ABD Başkanı Joe Biden’ın aşı üreticilerini teknolojiyi paylaşmaya ve patentten feragat etme çağrısı ile yeniden gündeme gelen patent tartışmaları, özellikle Nisan ayı itibariyle uygulanan tüm aşıların yalnızca yüzde 0,2’sinin düşük gelirli ülkelerde uygulanırken, yüzde 87’den fazlasının yüksek gelirli ülkelere gitmesi ile alevlendi.

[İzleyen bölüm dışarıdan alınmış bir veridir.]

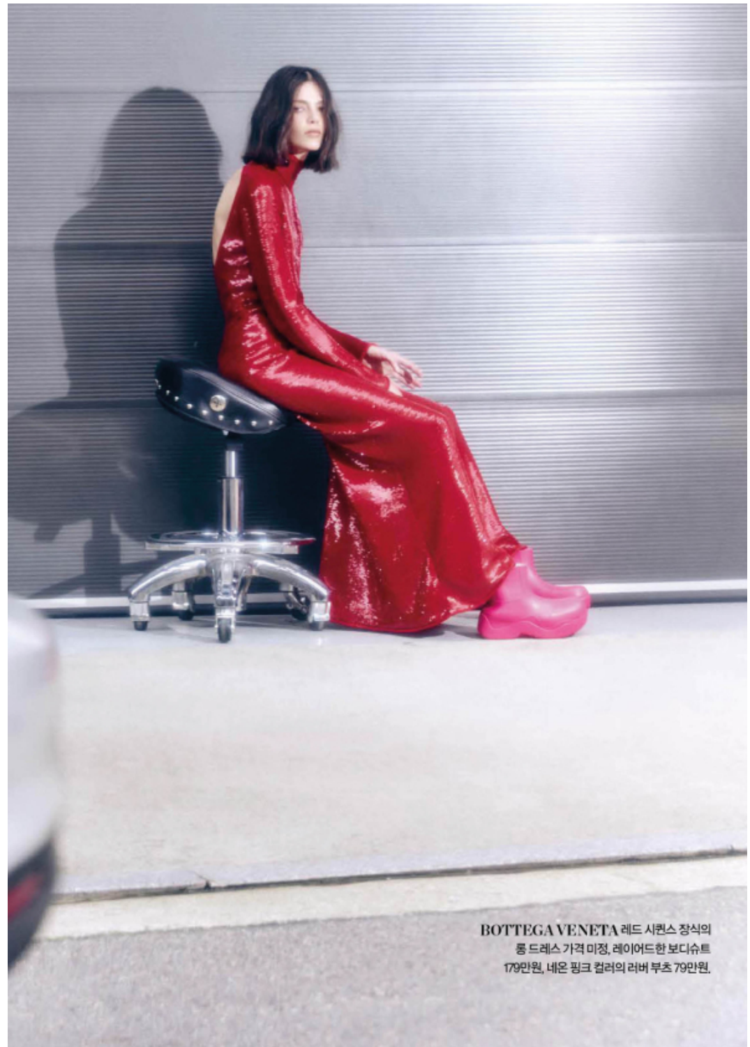
BOTTEGA VENETA 레드 시퀀스 장식의 폼 드레스 가격 미정, 레이어드한 보디슈트 179만원, 네온 핑크 컬러의 러버 부츠 79만원.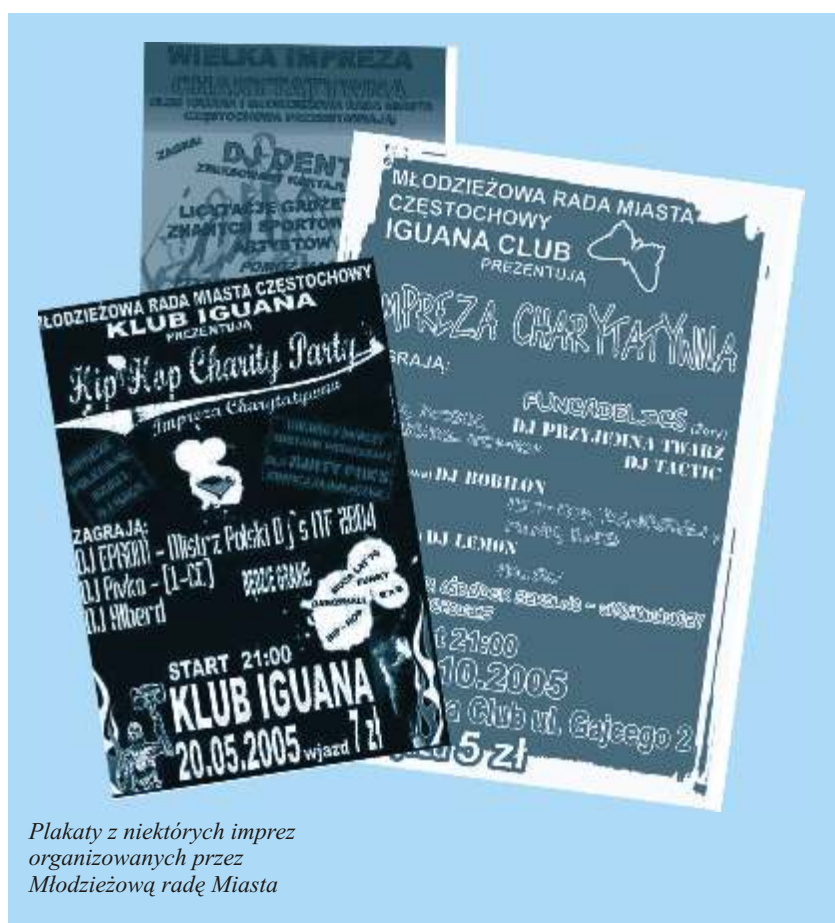
Plakaty z niektórych imprez organizowanych przez Młodzieżową radę Miasta

e-mail: br@czestochowa.um.gov.pl władze: Szef Młodzieżowej Rady Miasta Częstochowy, Zarząd Młodzieżowej Rady Miasta Częstochowy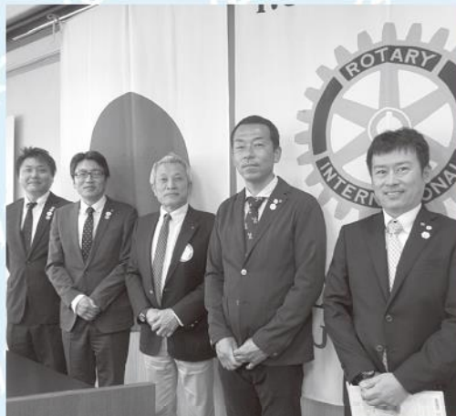
恵那ロータリークラブ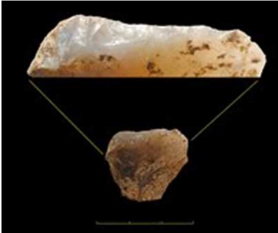
Figura 1. Gratador retocat després de l'exposició al foc. Ampliació de la vora retocada en la qual es pot apreciar el llustre greixós característic dels retocs posteriors a l'alteració tèrmica.

Els artefactes retocats han estat analitzats i classificats d'acord amb la Tipologia Analítica i Estructural de G. Laplace (1972), encara que només la seva adscripció segons els principals grups tipològics ha estat emprada en aquest treball. Tanmateix, hem inclòs un grup tipològic que no apareix a la Tipologia de Laplace, el de les ascles retocades. Aquest grup inclou els artefactes que han estat retocats, però no mostren les morfologies estandarditzades que caracteritzen la resta dels grups tipològics. Hem prestat una atenció especial a la distinció entre els útils simples – és a dir, els artefactes que presenten només un tipus d'útil – i els útils múltiples, que mostren diferents tipus configurats sobre un mateix suport. Cal dir que hem considerat un dels tipus de gratadors definits per Laplace – el gratador amb retoc lateral – com un útil múltiple, ja que presenta dos costats retocats amb característiques diferents.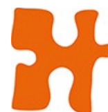
Figur 1 Förbundets logo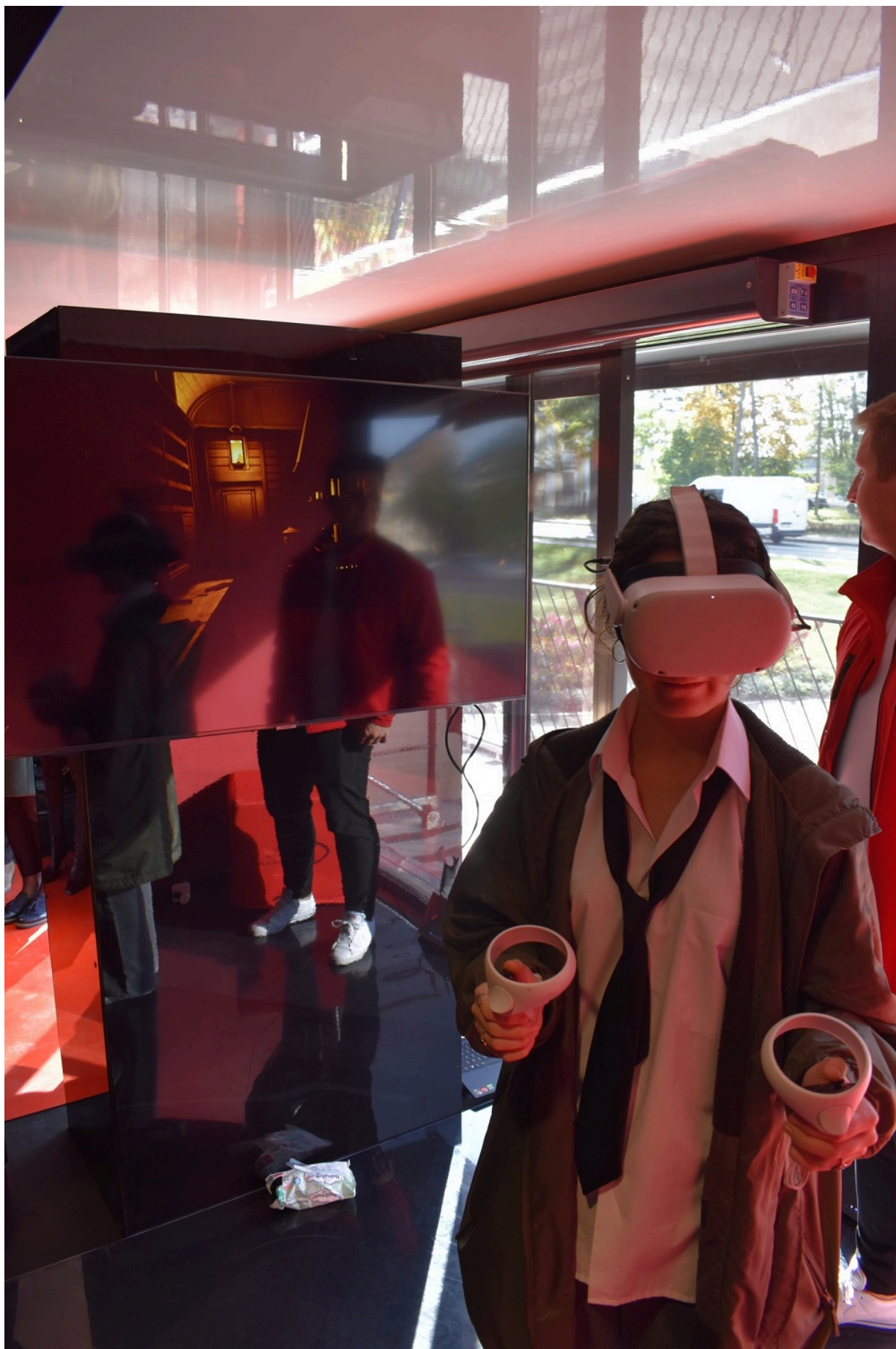
„Gra Szyfrów” w Końskich.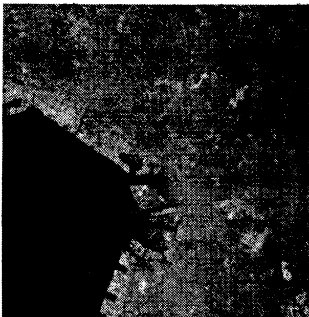
図1 1988年の千葉市のフォールスカラー画像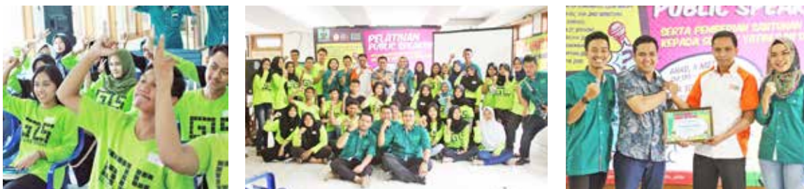
6 Mei 2018, MY YBKB "Pelatihan Public Speaking"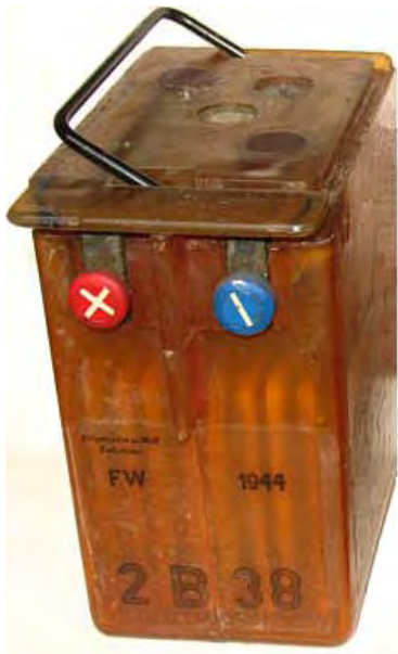
Abbildung 3: Hersteller Fa. Friemann und Wolf

Die nachfolgenden Bilder zeigen jene Firmen, für die eine Produktion von 2B38 durch den Verfasser nachweisbar ist.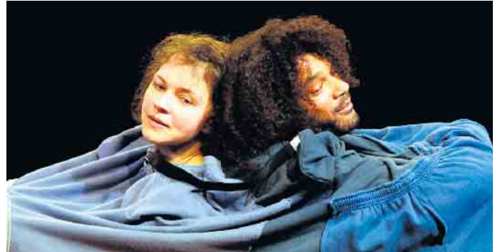
„Genau so, nur anders“, wo sind die Unterschiede, was ist anders?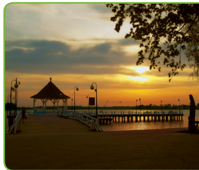
Пристань в Оструде

Прогуливаясь по набережной у озера Дрвенцкое, мы попадем в окруженный зеленью замок крестоносцев 61 , стоящий в северо-западной части старого города. От оборонительного сооружения, построенного для острудских командиров крестоносцев в 1349–70 гг., уцелели три из четырех крыльев главного здания. Одно из них сгорело вместе с башней в 1788 г. На детинце, восстановленного после 1945 г. сооружения с живописными деревянными клуатрами, сегодня расположился Центр культуры и региональный музей (ул. Мицкевича, 22, тел.: +48 89 64626602, muzeum@interia.pl). Кроме замка рекомендуется осмотреть готический костел св. Доминика 62 нач. XV в., в котором в XIX в. проповедовал пастор Гизевиус. К костелу прилежит сохранившийся фрагмент средневековой городской стены. На площади Тысячелетия польского государства есть фонтан, открытый в 2004 г. под названием Памятник европейскому единству 63 – известный с 1907 г. как Фонтан трех императоров, владевших немецкой империей с 1871 г. Другим памятником начала XX в. является Бисмаркская башня 64 .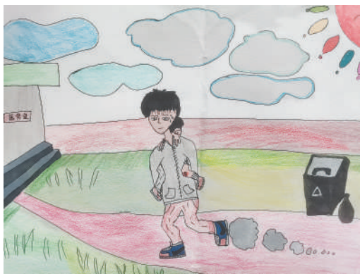
淮海路小学小记者 张宇陈 指导老师:徐华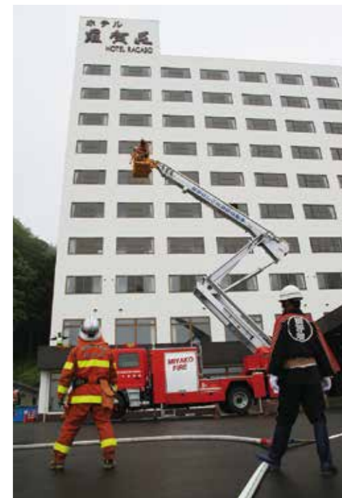
はしごは最長でホテル羅賀荘9階まで(右)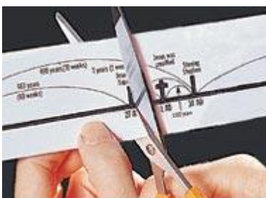
Why would anyone cut away an important part of this prophecy?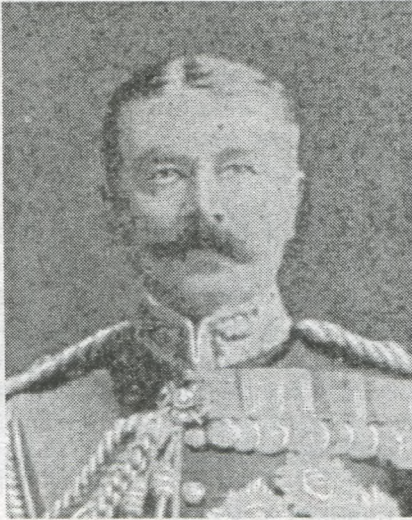
Фельдмаршал Кітчнер (англійський воєнний міністр)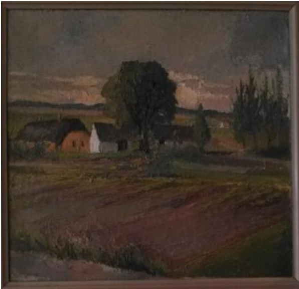
Kildegården. Malet af Kate Schertiger. Billedet er i privat eje.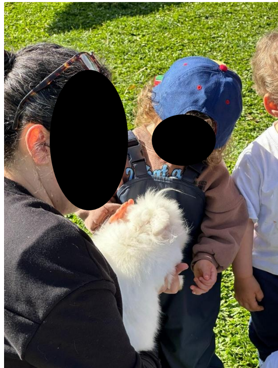
Imagem 24 - Contacto com os animais

Em conjunto com a exploração livre (Imagem 21) e a cozinha de lama (Imagens 20 e 22), estes momentos mostram uma experiência rica, onde a aprendizagem surge de forma natural a partir da ação e da relação com o meio.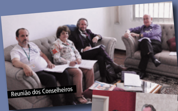
Reunião dos Conselheiros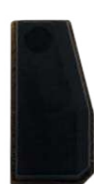
T5 VIRGEM (ID20)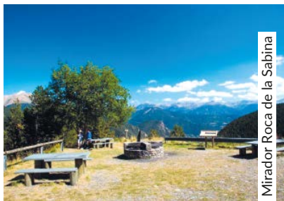
Mirador Roca de la Sabina

Hindistan ve Güney Afrika liderliğindeki gelişmekte olan ülkeler patentleri koruyan küresel bir anlaşmadan pandemi süresince feragat edilmesi için uzun süredir kulis yapmaya devam ediyor. Patentlerin açılmasını savunanlara göre mevcut aşılar, hükümetlerin büyük mali desteği sayesinde geliştirildi ve bu katkı aşı geliştirme toplam maliyetinin yaklaşık yarısına denk geliyor. Moderna aşı çalışmaları tamamen ABD hükümeti tarafından fonlanırken, Oxford/AstraZeneca aşısında da kamunun katkısı yüzde 97 oldu. Dolayısıyla patentten feragat edilmesini savunanlar aşıların zaten kamu kaynakları ile geliştirildiğini belirtiyorlar.